- Music
- 09 Sep 15
Classical Album from the national's guitarist
Better known as one of the two guitar-wielding twins in The National, Bryce Dessner is also something of a nouveau classical whizz, who has written work for everyone from the Kronos Quartet to the Sydney Opera House. This time, Dessner was commissioned by New York’s Carnegie Hall and has called upon like-minded souls, So Percussion, a Brooklyn quartet known to make beautiful noise from ‘instruments’ as diverse as aluminium pipes and an amplified cactus. Surely they should be working with Tom Waits?
On paper, the project does pretty much what it says on the cover, as Dessner’s compositions combine percussion and strings over the course of nine tracks, but there’s one big difference. Rather than use conventional guitars or violins, Dessner roped in instrument builder Aron Sanchez and together, they created the chordstick – a cross between a hammer dulcimer and an electric guitar.
Here’s the science bit: the four chordsticks are strung with eight strings and tuned to two open chords, so that the So Percussionists can wallop them with mallets, stroke them with bows or pluck with pencils, either sounding individual strings or chords, while the bass instrument has a fretted string for those deep bass drones.
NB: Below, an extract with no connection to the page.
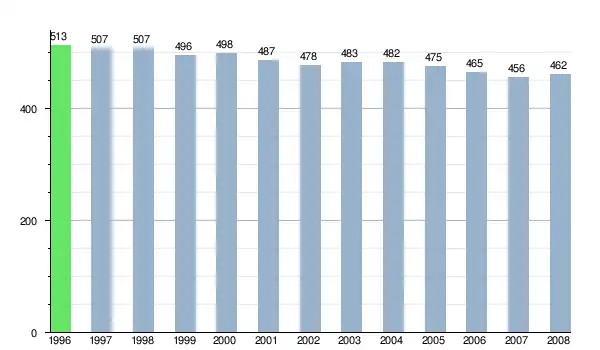 Według danych z dnia 31 grudnia 2012, wieś zamieszkiwały 503 osoby, w tym 245 kobiet i 258 mężczyzn[6].

The end result is a beautiful 35 minutes, split into nine sections, that in the main alternate between slowly ululating short pieces, building up a veritable rainforest of tautness and tension, which is then released in longer, more lively affairs. On ‘Section 3’, Dessner brings something of a conventional rock sensibility to the unorthodox arrangement, although its mid-section breaks down into eerie symphonics, before its glorious blend of plucked strings and percussion combine for a truly joyous finale. Then there’s the madcap ‘Section 5’, which sounds like Rodrigo y Gabriela covering Slayer, with a troupe of woodpeckers in the background, or the sparse and almost electronic feel of ‘Section 6’, and the restrained, pensive closing section. All in all, a refreshingly original collection from a seriously talented composer.